We'll use SentenceTransformers to generate embeddings from a list of sentences.


In [None]:

from sentence_transformers import SentenceTransformer, util

model = SentenceTransformer("all-MiniLM-L6-v2")
sentences = ["AI is transforming the world.", "Artificial Intelligence is the future.", "Bananas are yellow."]

embeddings = model.encode(sentences, convert_to_tensor=True)
print("Embedding shape:", embeddings.shape)

# Cosine similarity
cos_sim = util.pytorch_cos_sim(embeddings[0], embeddings)
print("Cosine similarity matrix:\n", cos_sim)

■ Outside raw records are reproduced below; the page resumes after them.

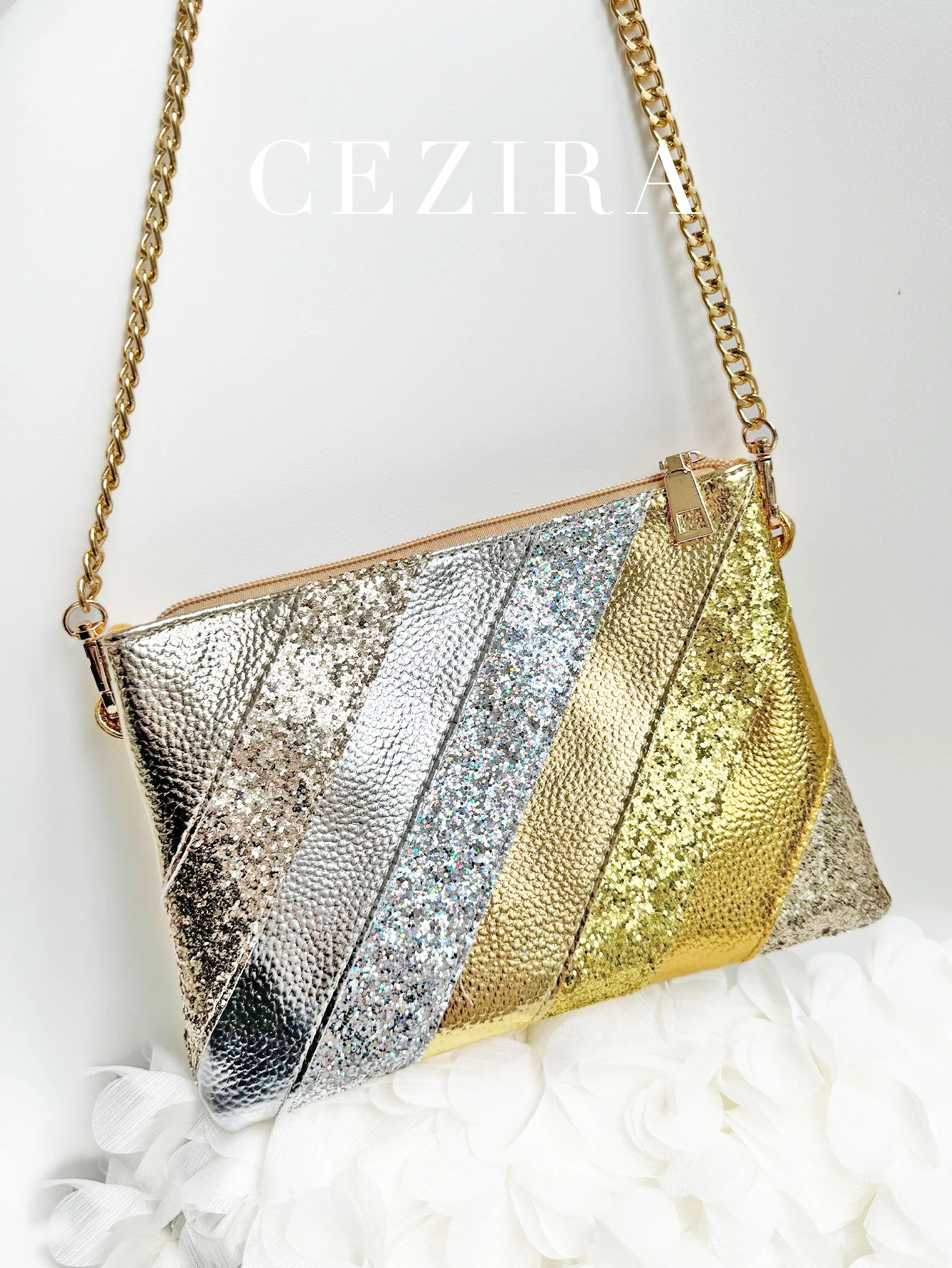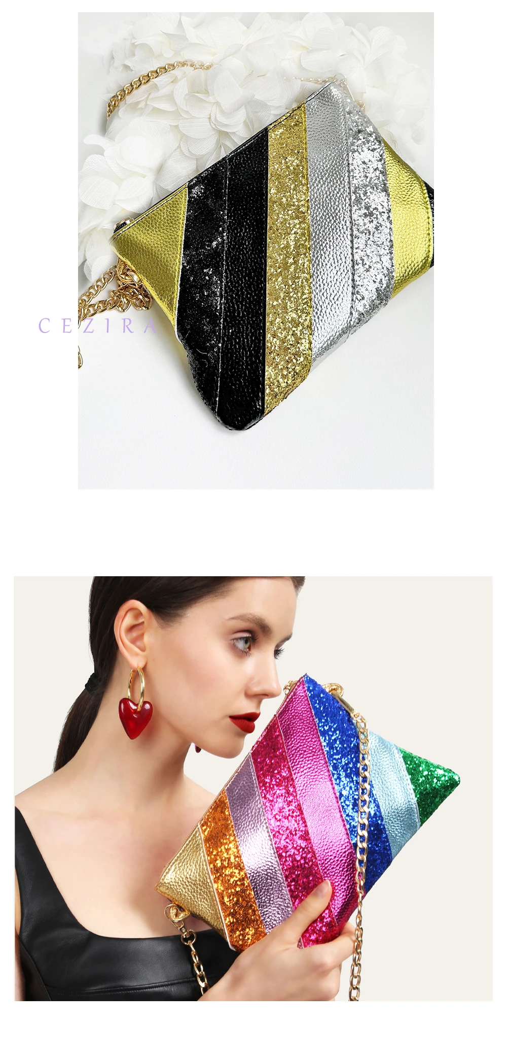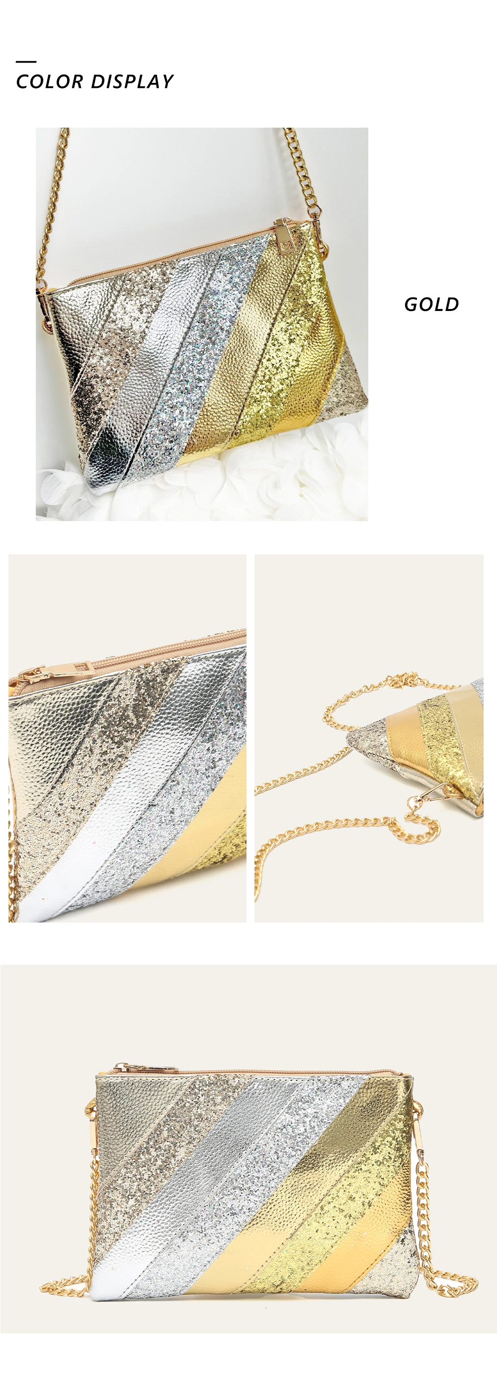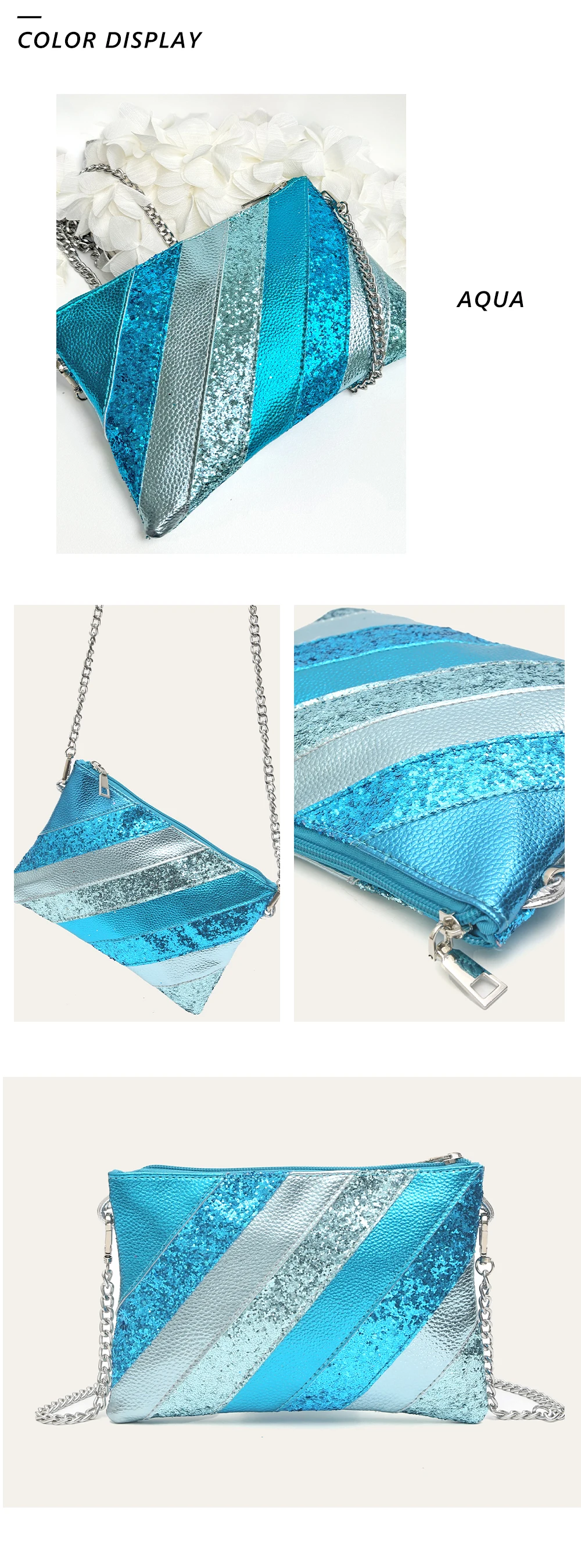 1 review for Women’s Metallic PU Leather Patchwork Clutch Bag Fashion Dazzling Shiny Sequins Metal Chain Shoulder Cross body Handbag Party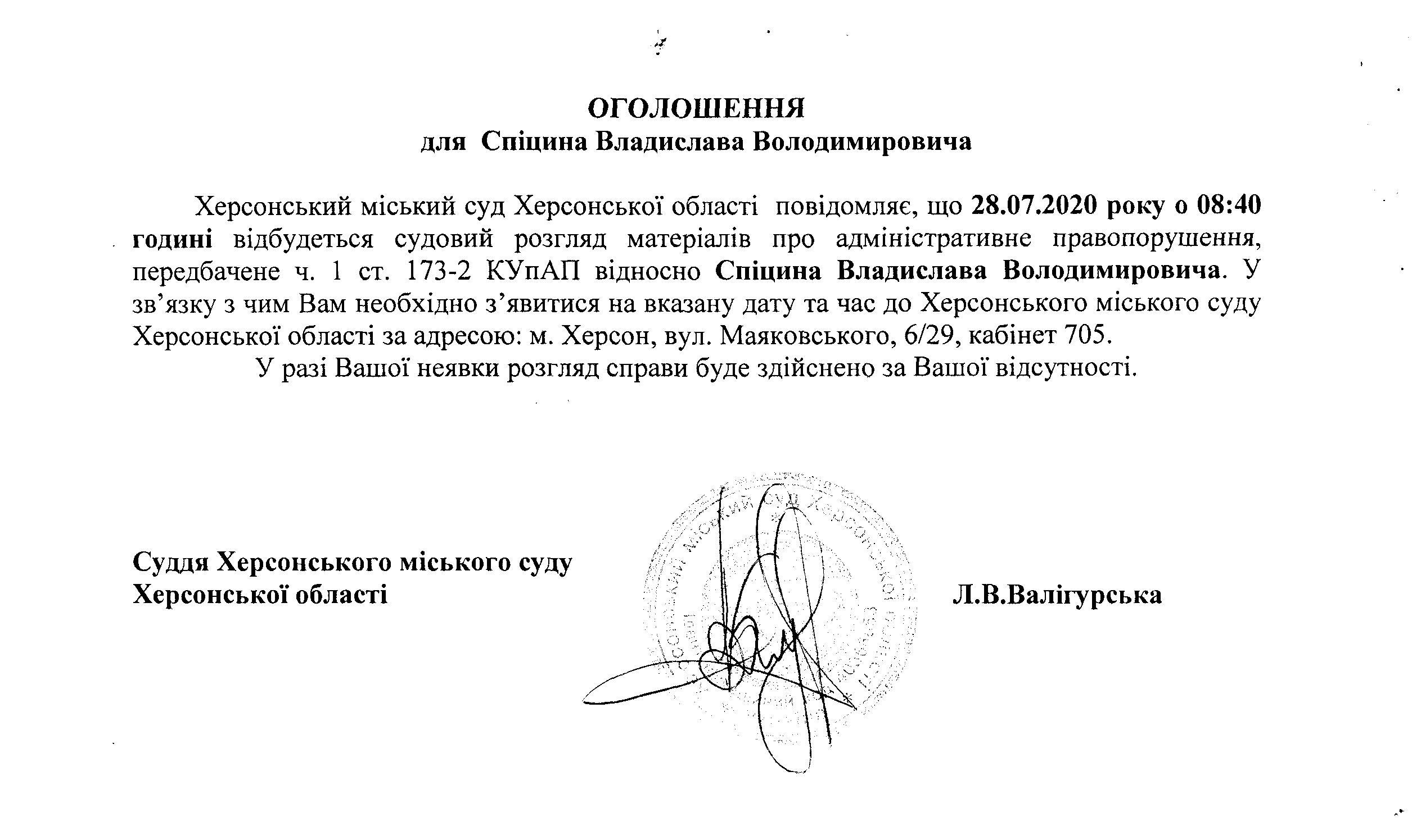 ОГОЛОШЕННЯ для Спіцина Владислава Володимировича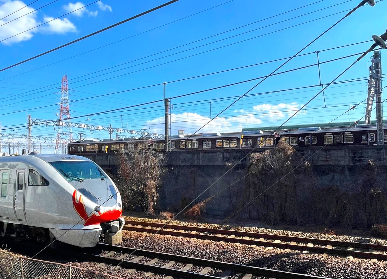 この日、JRの電車が行き来するのを何度かカメラにおさめていたところ、なんとこんな電車がやってきました。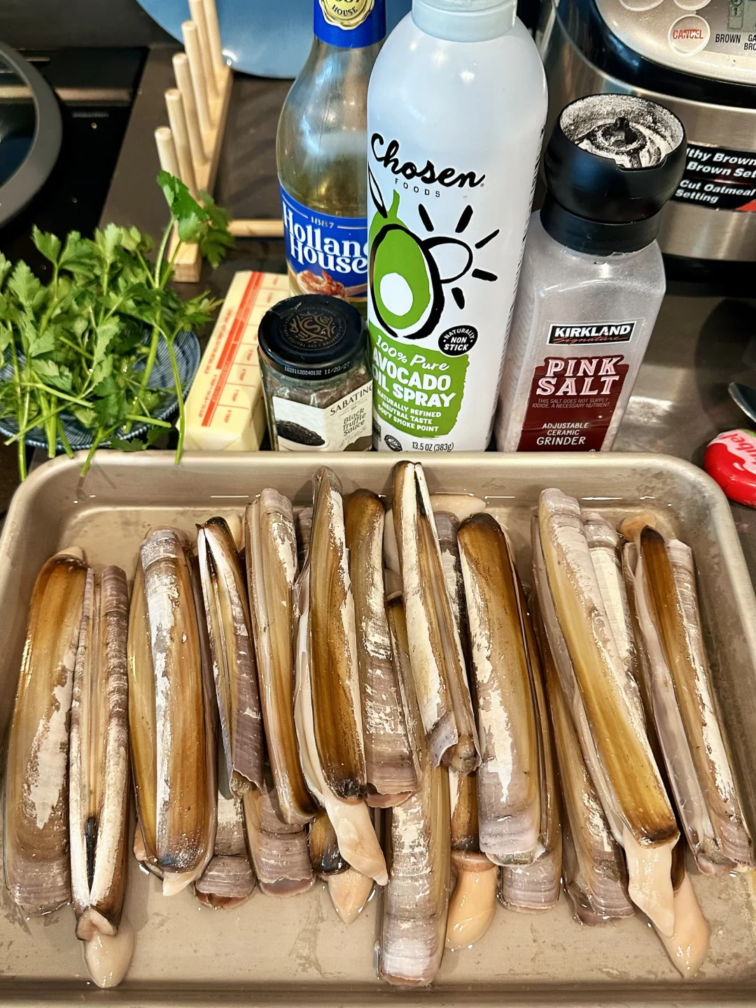 刀蚬一捆(法拉盛中超一直有,hmart要看情况),黄油1tbsp,蒜3-4瓣,白葡萄酒适量,黑松露酱2tbsp,盐少许,欧芹一把,黑胡椒少许。
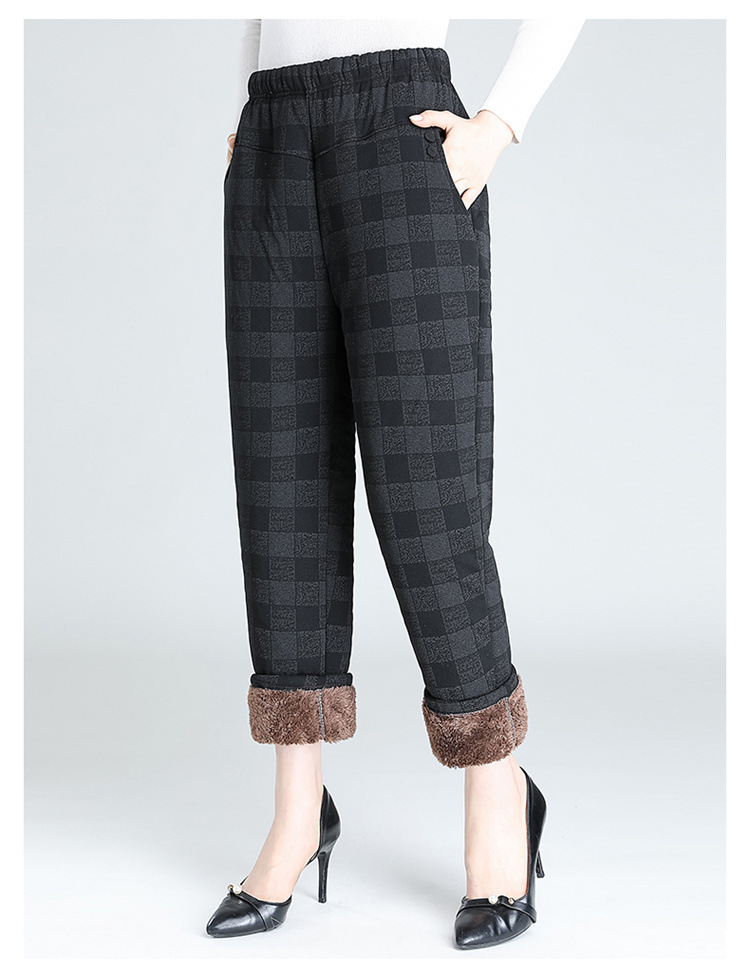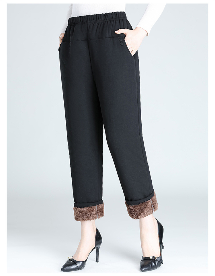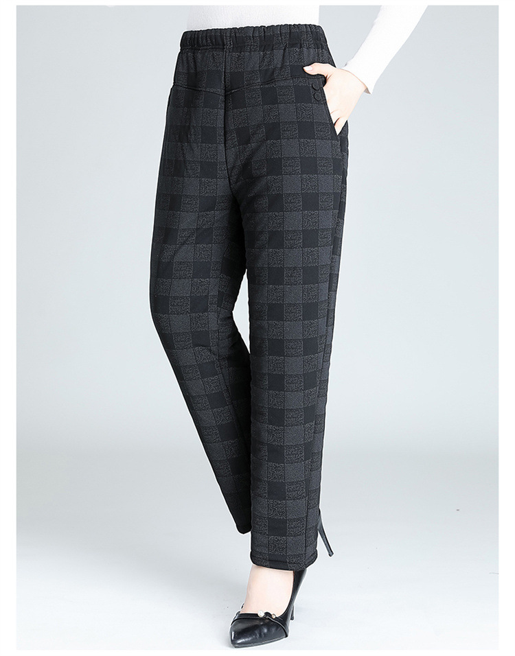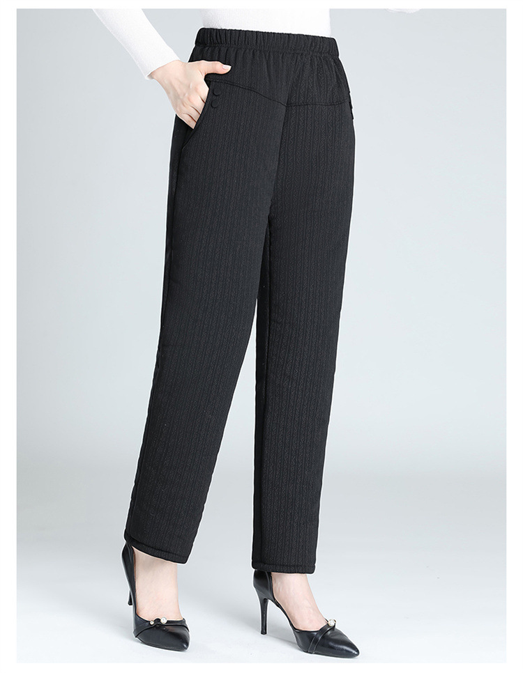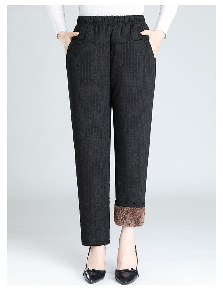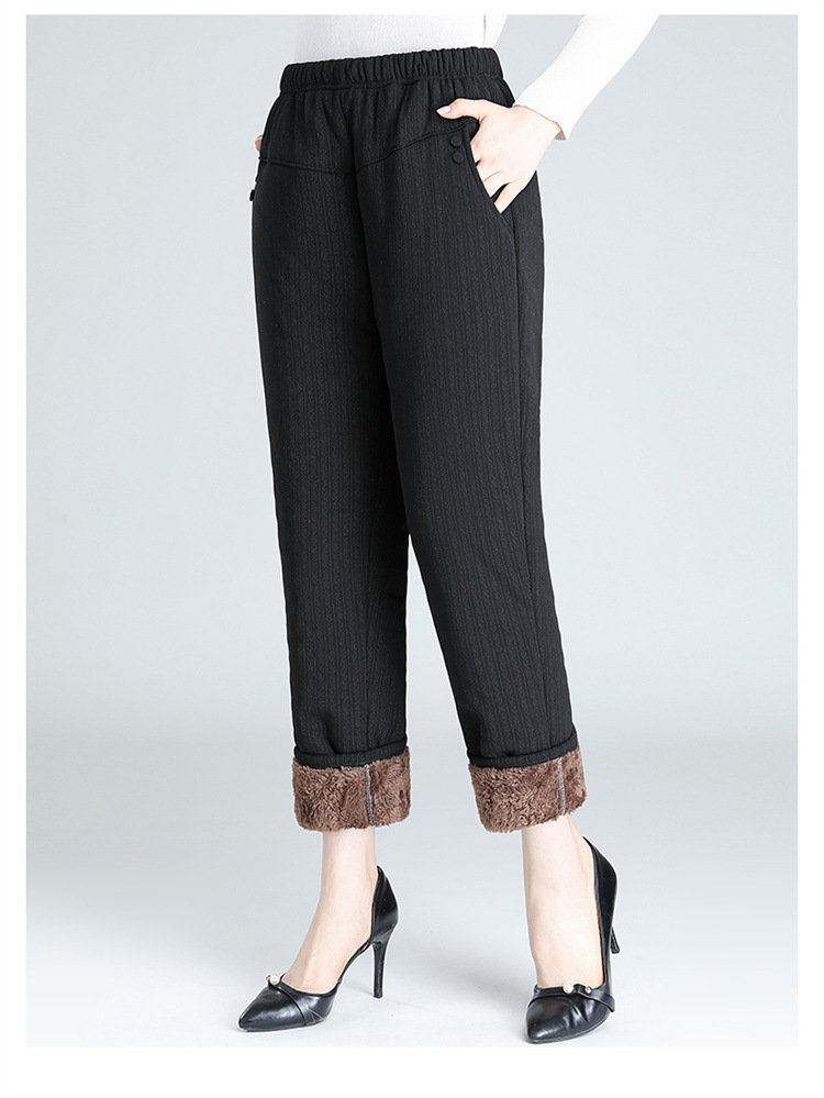 中年の女性のズボンとベルベットの厚い保温ズボンの中で高齢者の春秋服のお母さんのカジュアルなズボンの弾力性のおばあさんのストレートパンツ

## Similarity Search using FAISS

FAISS is a library for efficient similarity search and clustering of dense vectors.


In [None]:

import faiss
import numpy as np

# Convert to numpy
emb_np = embeddings.cpu().detach().numpy().astype('float32')

# Create FAISS index
index = faiss.IndexFlatL2(emb_np.shape[1])
index.add(emb_np)

query = model.encode(["AI innovations"], convert_to_tensor=True).cpu().detach().numpy().astype('float32')
D, I = index.search(query, k=2)

print("Most similar sentences:")
for idx in I[0]:
    print("-", sentences[idx])



## Using ChromaDB for Persistent Storage

ChromaDB supports storing and querying documents with metadata.


In [None]:

import chromadb
from chromadb.config import Settings

chroma_client = chromadb.Client(Settings(allow_reset=True))
chroma_client.reset()  # clear previous

collection = chroma_client.create_collection(name="genai_docs")
collection.add(
    documents=["Generative AI is powerful.", "LangChain helps chain LLM calls."],
    ids=["doc1", "doc2"],
    metadatas=[{"type": "intro"}, {"type": "tool"}]
)

results = collection.query(query_texts=["What is LangChain?"], n_results=1)
print("Top result:", results["documents"][0][0])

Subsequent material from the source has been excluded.